Avezzano. Paese senza certezza del diritto, Giovanni Di Pangrazio, eletto sindaco di Avezzano con il 56,6% dei voti nel giugno 2012, costretto a rinunciare allo stipendio di dirigente pubblico della Provincia da una legge “incostituzionale e antidemocratica” (d.l. 39/2013), approvata dal Governo Monti un anno dopo il trionfo elettorale, che sbarra le porte dei Municipi italiani ai dirigenti pubblici che poi sono quelli più esperti nella gestione amministrativa ed ha generato un caos interpretativo sull’applicabilità. In attesa di un segnale da Roma, il sindaco ha chiesto al Presidente della Provincia il collocamento volontario e temporaneo in aspettativa non retribuita, ai sensi dell’art. 81 del Dlgs. 267/2000 ribadendo comunque la legittimità e compatibilità del suo incarico di pubblico dipendente ricoperto in seno alla Provincia.
“La mia decisione”, afferma Giovanni Di Pangrazio, “è motivata dalla situazione di grave incertezza e totale confusione che si è venuta a determinare circa l’applicabilità del decreto n.39/2013 sulle situazioni consolidatesi prima dell’entrata in vigore. Questa legge, contorta e di difficile comprensione, limita l’esercizio democratico dei cittadini e sta ponendo centinaia di comuni italiani in grave difficoltà. Spero che il governo e il parlamento rimuovano subito questo attentato alla democrazia senza aspettare la pronuncia della Corte Costituzionale”.

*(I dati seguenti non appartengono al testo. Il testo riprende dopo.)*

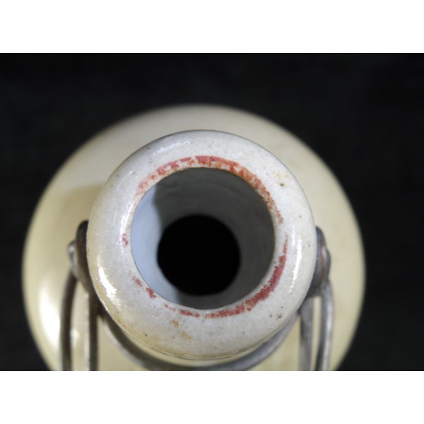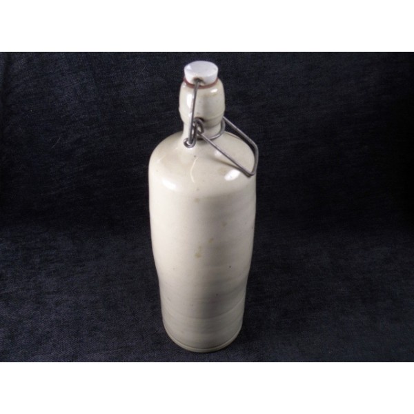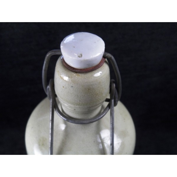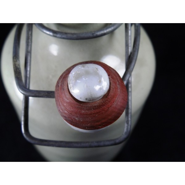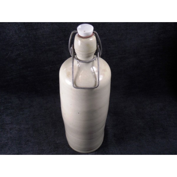 Ancienne bouteille à cidre ou bière, en grès, avec un bouchon en porcelaine retenu par un système en métal, caoutchouc d'étanchéité.

Comunque il decreto 39, in ossequio al principio generale del nostro ordinamento tempus regit actum, ribadito dall’Anci (Associazione nazionale Comuni italiani), da illustri giuristi e secondo una consolidata giurisprudenza, non può avere efficacia retroattiva per le situazioni ‘ante decreto’. Sulla stessa linea è il parere dell’ufficio legale della Provincia rimesso al Presidente Del Corvo che ha chiesto comunque la possibilità di collocare Di Pangrazio in una posizione dirigenziale con esclusione di poteri gestionali e di amministrazione. Nell’attesa di chiarimenti definitivi, “rispettoso del primario interesse pubblico”, il sindaco ha chiesto un breve periodo di aspettativa “per assolvere al mandato popolare e portare avanti la realizzazione del Programma di mandato che”, sottolinea, “sta cambiando volto, in meglio, alla nostra amata città”.
Qualora perduri questa assurda applicazione del decreto, che calpesta chiaramente diritti inviolabili della persona sanciti dalla Costituzione e dalla consolidata e coerente giurisprudenza di livello costituzionale, non resterà altra soluzione che far valer i propri diritti davanti alle competenti autorità giurisdizionali. La rinuncia allo stipendio della Provincia, comunque, costringe il sindaco, che aveva rinunciato agli emolumenti da Amministratore -destinandoli al Fondo di rotazione per il Microcredito per sostenere progetti di microimpresa giovanile o alleviare il disagio delle famiglie- a percepire l’indennità prevista dal Comune.